State to Become Bank’s Biggest Shareholder

During the debate over the banking crisis, the Government resolutely refused to go down the road of nationalising any of the major financial institutions but when the financial markets open tomorrow (Monday), the State will be the biggest shareholder in the Bank of Ireland.

The bank was unable to pay a cash dividend of €250 million due to the state-owned National Pensions Reserve Fund Commission (NPRFC) on Friday and, under EU regulations, the Commission was forced to take a 15.7 per cent stake in the company instead, according to a story in the Sunday Business Post.

The dividend was due to the NPRFC on foot of the preference shares it received in the bank last year in return for its €3.5 billion capital injection. The EU attached conditions to the injection to ensure that neither the Bank of Ireland nor AIB could be viewed as receiving unfair State aid.

The EU has effectively forced the bank to issue shares instead of cash despite the preference of the Government for having the payment made at a future date.
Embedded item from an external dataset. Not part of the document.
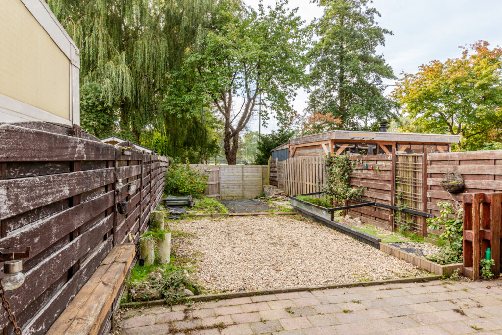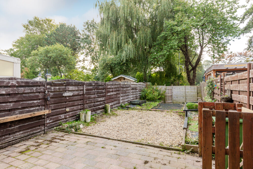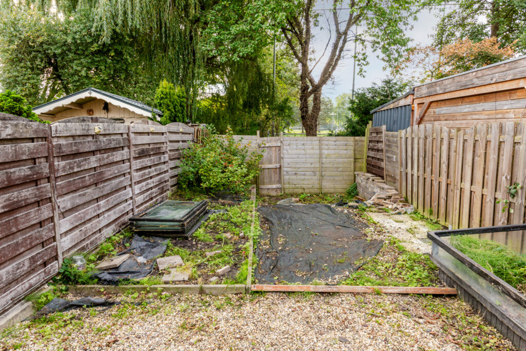 De vrij gelegen achtertuin is gelegen op het zuiden en voorzien van een terras met bestrating, siergrind, borders met beplanting, een gevelkraan, buitenzonwering en een praktische achterom. De tuin wordt omheind middels schuttingen en geeft veel privacy!

The AIB is expected to be in a similar position shortly.

Its dividend payment is due on 13 May – if it is not able to pay in cash, the State, at current share price levels, would end up taking 20 per cent of the bank.

The Business Post also reports that Anglo Irish Bank will transfer around €32 billion of loans to Nama (National Asset Management Agency) in the coming months. This is €4 billion more than was originally expected and, it says, a similar pattern is expected across other banks.